What to produce
Look below for the line containing "Per i nuovi" and the line containing "本次公告中的26款消防車中,柴油(12輛"; repeat exactly those two lines and all lines between them, and nothing else.

Data supplied
* * *
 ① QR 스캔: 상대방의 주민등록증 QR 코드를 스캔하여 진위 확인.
* * *
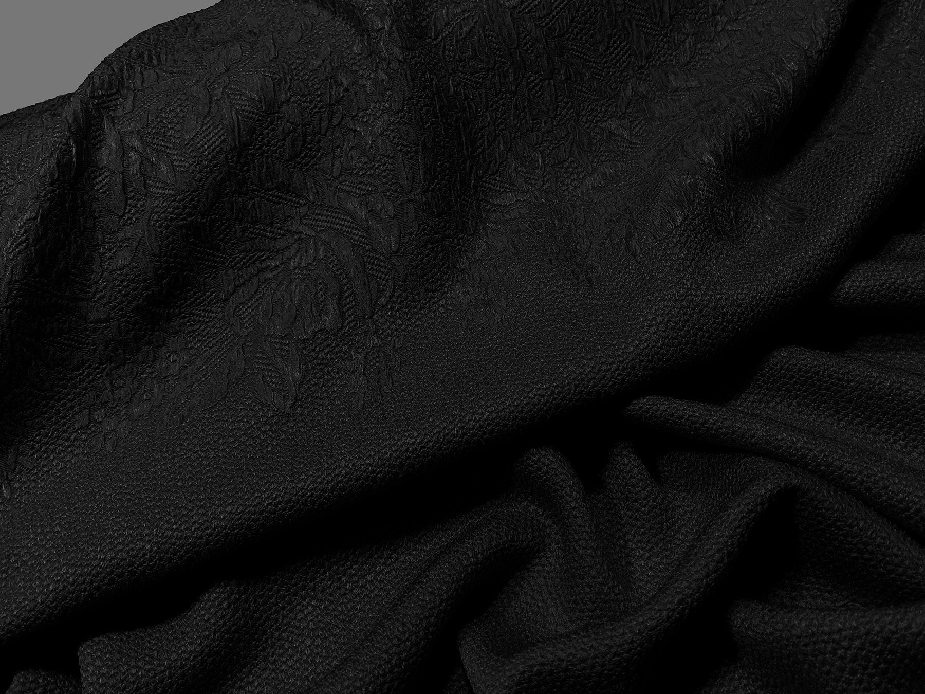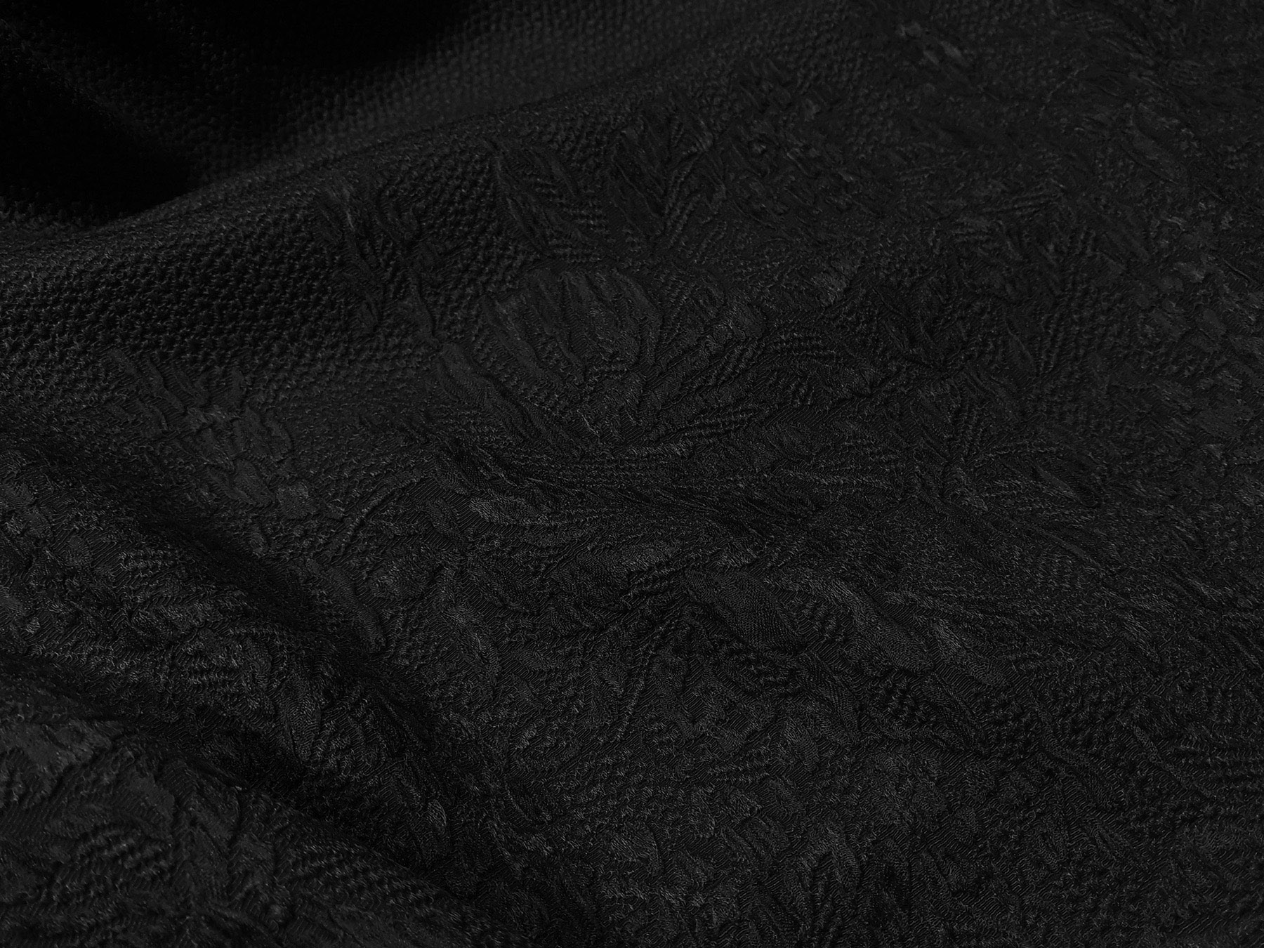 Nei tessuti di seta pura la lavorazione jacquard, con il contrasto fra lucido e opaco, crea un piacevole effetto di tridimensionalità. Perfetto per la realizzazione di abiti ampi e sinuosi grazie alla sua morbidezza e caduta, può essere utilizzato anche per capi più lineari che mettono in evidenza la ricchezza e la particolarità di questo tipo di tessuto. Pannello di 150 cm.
* * *
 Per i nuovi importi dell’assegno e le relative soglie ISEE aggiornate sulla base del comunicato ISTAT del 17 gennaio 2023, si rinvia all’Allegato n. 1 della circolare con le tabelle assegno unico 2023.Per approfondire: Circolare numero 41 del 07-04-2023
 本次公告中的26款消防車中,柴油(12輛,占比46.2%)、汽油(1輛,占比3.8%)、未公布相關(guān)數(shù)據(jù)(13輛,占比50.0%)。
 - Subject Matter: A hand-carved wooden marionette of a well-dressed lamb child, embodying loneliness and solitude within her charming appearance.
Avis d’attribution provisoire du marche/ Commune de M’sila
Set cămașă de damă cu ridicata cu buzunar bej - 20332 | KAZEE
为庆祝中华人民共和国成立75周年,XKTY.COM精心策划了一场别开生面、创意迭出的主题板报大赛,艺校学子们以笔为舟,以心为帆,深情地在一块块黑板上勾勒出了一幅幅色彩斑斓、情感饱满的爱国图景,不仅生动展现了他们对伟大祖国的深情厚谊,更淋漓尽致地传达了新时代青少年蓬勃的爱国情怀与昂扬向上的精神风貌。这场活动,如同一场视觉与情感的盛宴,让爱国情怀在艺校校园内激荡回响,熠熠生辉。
* * *
Result of the exercise
 Per i nuovi importi dell’assegno e le relative soglie ISEE aggiornate sulla base del comunicato ISTAT del 17 gennaio 2023, si rinvia all’Allegato n. 1 della circolare con le tabelle assegno unico 2023.Per approfondire: Circolare numero 41 del 07-04-2023
 本次公告中的26款消防車中,柴油(12輛,占比46.2%)、汽油(1輛,占比3.8%)、未公布相關(guān)數(shù)據(jù)(13輛,占比50.0%)。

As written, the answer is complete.